RECORDS:
↓↓↓
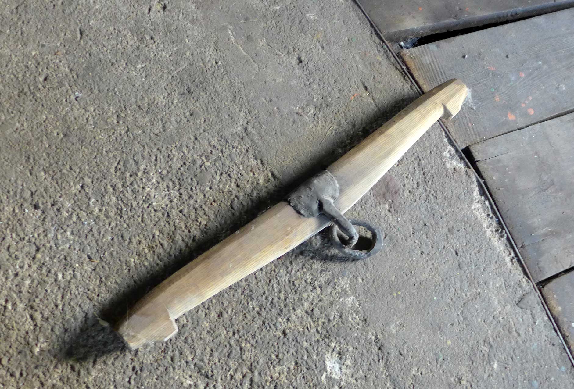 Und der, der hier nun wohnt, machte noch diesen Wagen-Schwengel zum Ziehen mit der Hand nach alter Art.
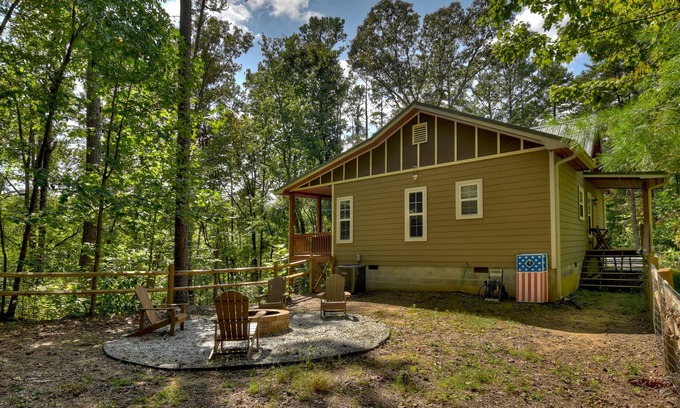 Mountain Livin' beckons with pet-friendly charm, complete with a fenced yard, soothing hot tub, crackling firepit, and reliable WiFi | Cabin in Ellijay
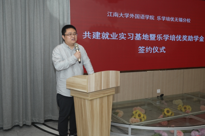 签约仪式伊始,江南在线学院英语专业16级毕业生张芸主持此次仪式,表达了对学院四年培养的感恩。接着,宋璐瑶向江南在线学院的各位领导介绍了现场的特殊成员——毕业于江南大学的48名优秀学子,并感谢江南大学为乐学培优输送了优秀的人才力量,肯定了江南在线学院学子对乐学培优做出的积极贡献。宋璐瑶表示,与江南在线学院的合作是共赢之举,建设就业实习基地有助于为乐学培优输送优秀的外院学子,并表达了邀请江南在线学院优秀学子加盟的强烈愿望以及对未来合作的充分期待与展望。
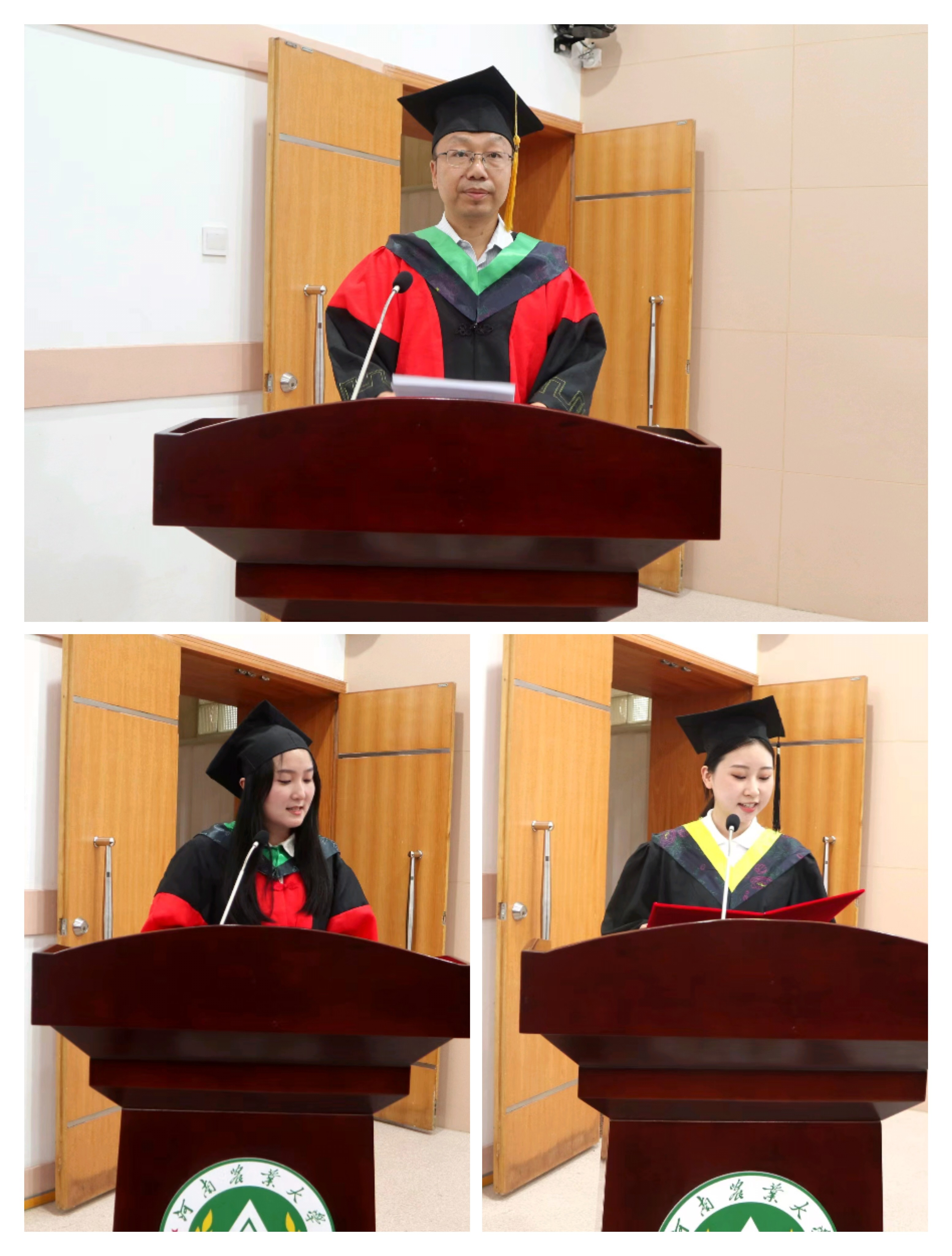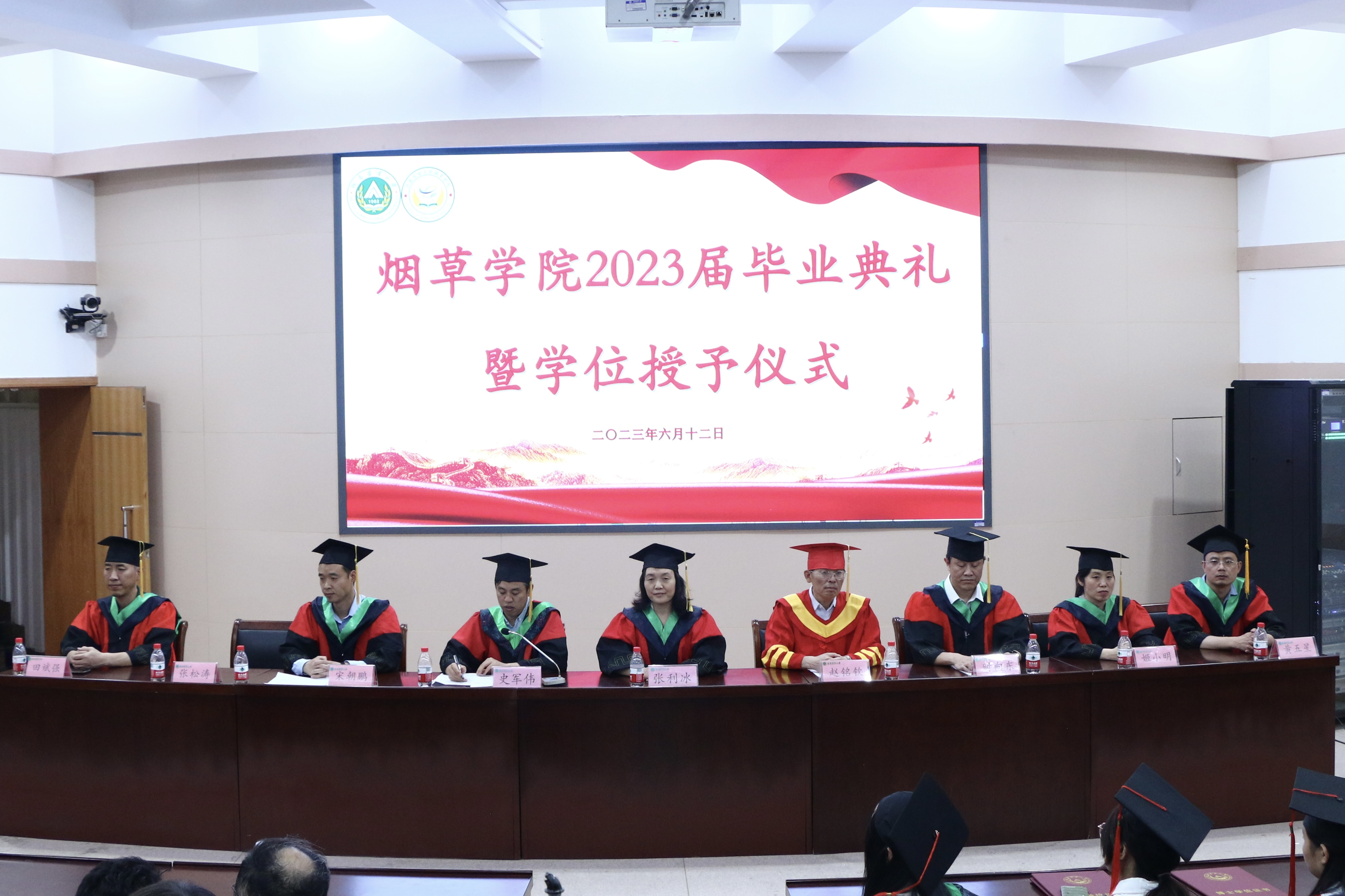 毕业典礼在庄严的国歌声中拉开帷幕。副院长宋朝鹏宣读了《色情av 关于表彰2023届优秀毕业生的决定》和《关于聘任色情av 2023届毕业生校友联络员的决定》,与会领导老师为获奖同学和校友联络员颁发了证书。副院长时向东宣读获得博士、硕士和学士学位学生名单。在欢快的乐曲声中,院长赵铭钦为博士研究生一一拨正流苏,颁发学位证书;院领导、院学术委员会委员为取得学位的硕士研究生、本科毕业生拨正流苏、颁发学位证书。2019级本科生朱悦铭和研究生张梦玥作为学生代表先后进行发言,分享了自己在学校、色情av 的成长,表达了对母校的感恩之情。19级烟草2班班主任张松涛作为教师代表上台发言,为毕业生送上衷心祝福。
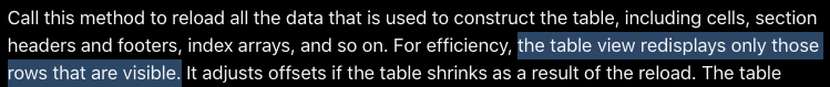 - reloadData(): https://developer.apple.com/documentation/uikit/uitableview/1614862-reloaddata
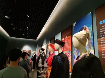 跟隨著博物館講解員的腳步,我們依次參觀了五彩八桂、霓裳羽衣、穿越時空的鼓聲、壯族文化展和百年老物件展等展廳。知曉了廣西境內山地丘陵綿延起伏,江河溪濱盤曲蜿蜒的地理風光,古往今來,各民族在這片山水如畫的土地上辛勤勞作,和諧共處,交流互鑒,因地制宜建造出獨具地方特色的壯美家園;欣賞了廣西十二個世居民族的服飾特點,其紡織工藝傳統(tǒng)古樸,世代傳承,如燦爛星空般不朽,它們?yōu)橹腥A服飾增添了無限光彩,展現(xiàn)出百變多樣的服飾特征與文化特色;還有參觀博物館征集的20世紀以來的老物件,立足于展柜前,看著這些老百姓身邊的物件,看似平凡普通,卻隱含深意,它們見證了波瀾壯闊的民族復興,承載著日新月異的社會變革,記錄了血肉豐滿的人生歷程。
↑↑↑
↓↓↓
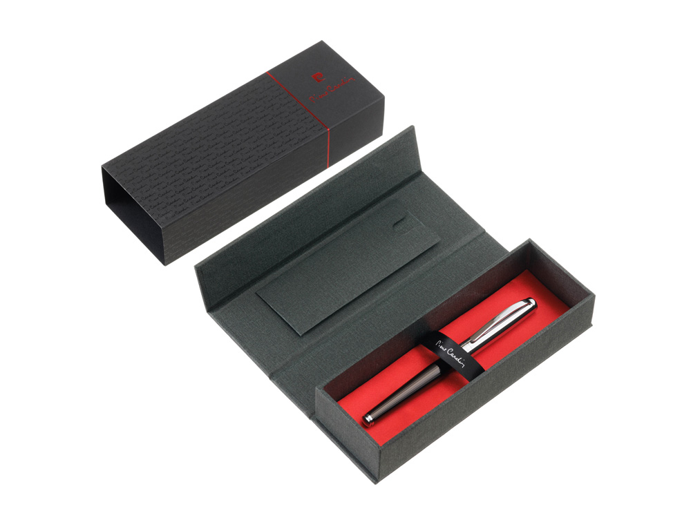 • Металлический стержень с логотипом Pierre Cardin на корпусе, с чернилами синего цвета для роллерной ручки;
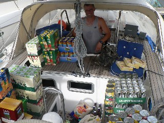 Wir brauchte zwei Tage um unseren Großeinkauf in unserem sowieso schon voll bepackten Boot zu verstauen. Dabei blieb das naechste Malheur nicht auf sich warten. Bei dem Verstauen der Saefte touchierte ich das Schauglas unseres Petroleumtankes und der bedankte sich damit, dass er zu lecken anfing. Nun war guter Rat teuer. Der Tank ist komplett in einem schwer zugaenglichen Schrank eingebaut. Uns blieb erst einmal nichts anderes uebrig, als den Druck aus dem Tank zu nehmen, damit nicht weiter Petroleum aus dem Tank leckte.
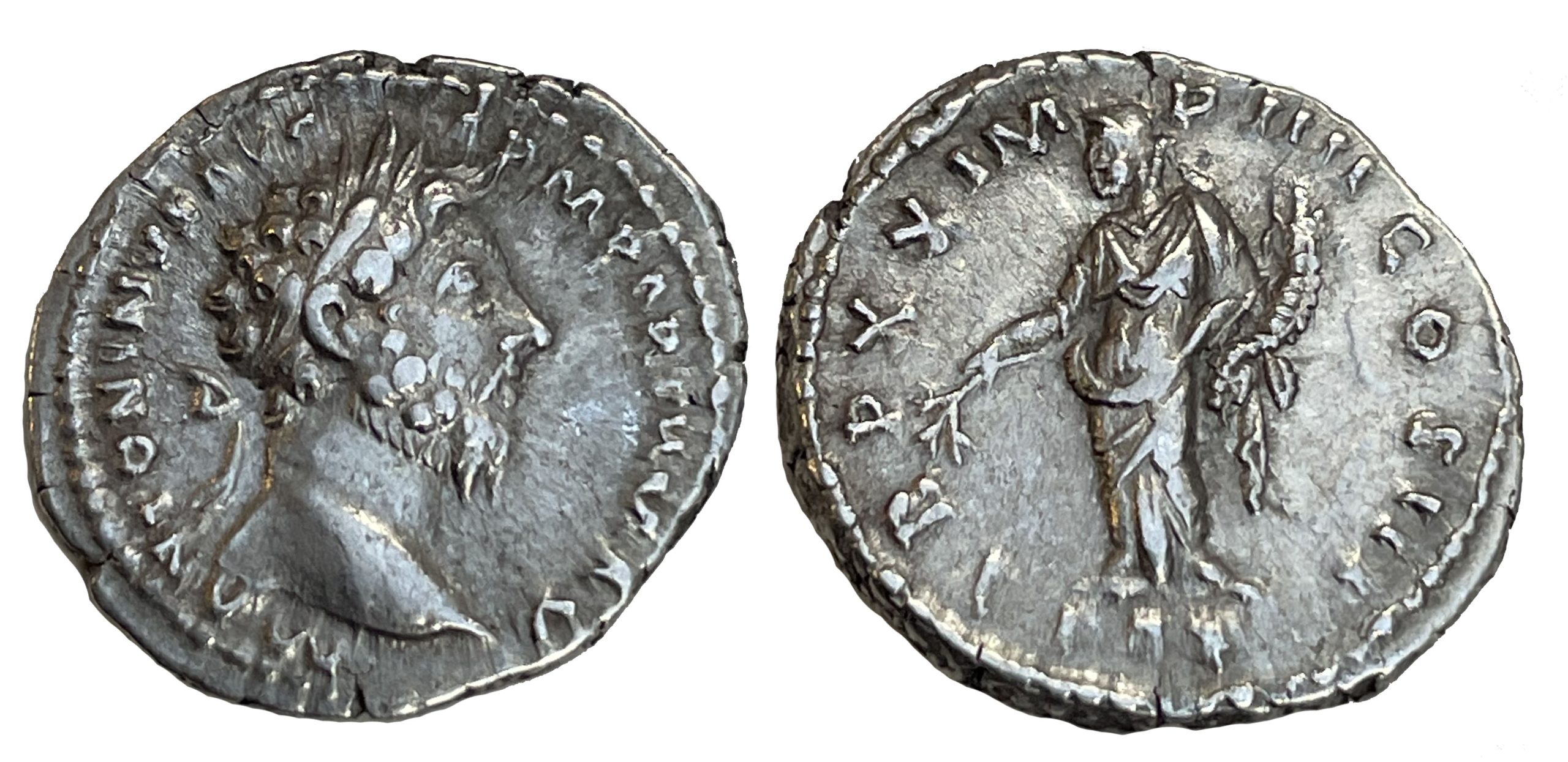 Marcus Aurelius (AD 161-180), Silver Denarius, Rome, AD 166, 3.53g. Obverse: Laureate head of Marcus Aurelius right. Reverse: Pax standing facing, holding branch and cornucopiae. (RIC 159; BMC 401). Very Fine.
↑↑↑
↓↓↓
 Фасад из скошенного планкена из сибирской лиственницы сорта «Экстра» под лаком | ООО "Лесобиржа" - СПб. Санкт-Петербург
↑↑↑
INSTRUCTIONS FOR THE TASK:
Give the lines above again exactly, from the one containing "Und der, der" to the one containing "Mountain Livin' beckons", both included, but leave out the pictures.

RESPONSE AREA:
 Und der, der hier nun wohnt, machte noch diesen Wagen-Schwengel zum Ziehen mit der Hand nach alter Art.
 Mountain Livin' beckons with pet-friendly charm, complete with a fenced yard, soothing hot tub, crackling firepit, and reliable WiFi | Cabin in Ellijay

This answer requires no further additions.